Testing pharmacotherapies for alcohol use disorder with cue exposure paradigms: A systematic review and quantitative synthesis of human laboratory trial methodology.

Abstract

Alcohol cue exposure is a widely used experimental paradigm for screening pharmacotherapies for alcohol use disorder (AUD). Medication-related reductions in cue-reactivity signal early efficacy and inform medications development. Yet, across trials, the design of cue exposure, parameter testing, and outcome reporting is heterogeneous. This systematic review is a quantitative synthesis of trial methodologies and effect size estimation for AUD medication-related craving and psychophysiological outcomes under the cue exposure paradigm. A PubMed search was conducted on January 3, 2022 based on identified pharmacotherapies for peer-reviewed articles reported in English. Study-level characteristics, including sample descriptors, paradigm design, analytic approach, and Cochrane Risk of Bias, along with descriptive statistics for cue-exposure outcomes, were coded by two independent raters. Study-level effect sizes were estimated for craving and psychophysiological outcomes separately and sample-level effect sizes were calculated for each medication.
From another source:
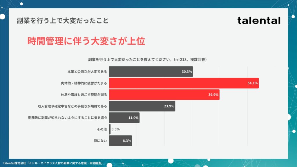 副業を通じて得られたメリットについては、「収入が増えた」「新しいスキルが身についた」「本業に活かせる知識・スキルが増えた」が上位に来る一方で、大変だったことについては「肉体的・精神的に疲労がたまる」「休息や家族と過ごす時間が減る」という時間管理の大変さが浮き彫りとなっています。

Thirty-six trials, comprising 1640 participants and testing 19 different medications satisfied eligibility criteria. All studies reported on biological sex (71% male participants on average). The exposure paradigms implemented used in vivo (n = 26), visual (n = 8), and audio script (n = 2) cues. Some trials included means for craving by medication condition in text (k = 7) or figures (k = 18). The quantitative synthesis included 63 effect sizes (craving kes  = 47; psychophysiological kes  = 16) from 28 unique randomized trials testing 15 medications for effects on cue reactivity. For cue-induced craving, eight medications (kes range: 1-12) demonstrated small-to-medium effects (Cohen's d range: |0.24-0.64|) compared to placebo, with individuals randomized to receive medication reporting lower craving following cue exposure. Recommendations are provided to promote further consilience, so that the utility of cue exposure paradigms can be maximized in the development of effective AUD pharmacotherapies. Future work should explore the predictive utility of medication-related reductions in cue-reactivity on clinical outcomes.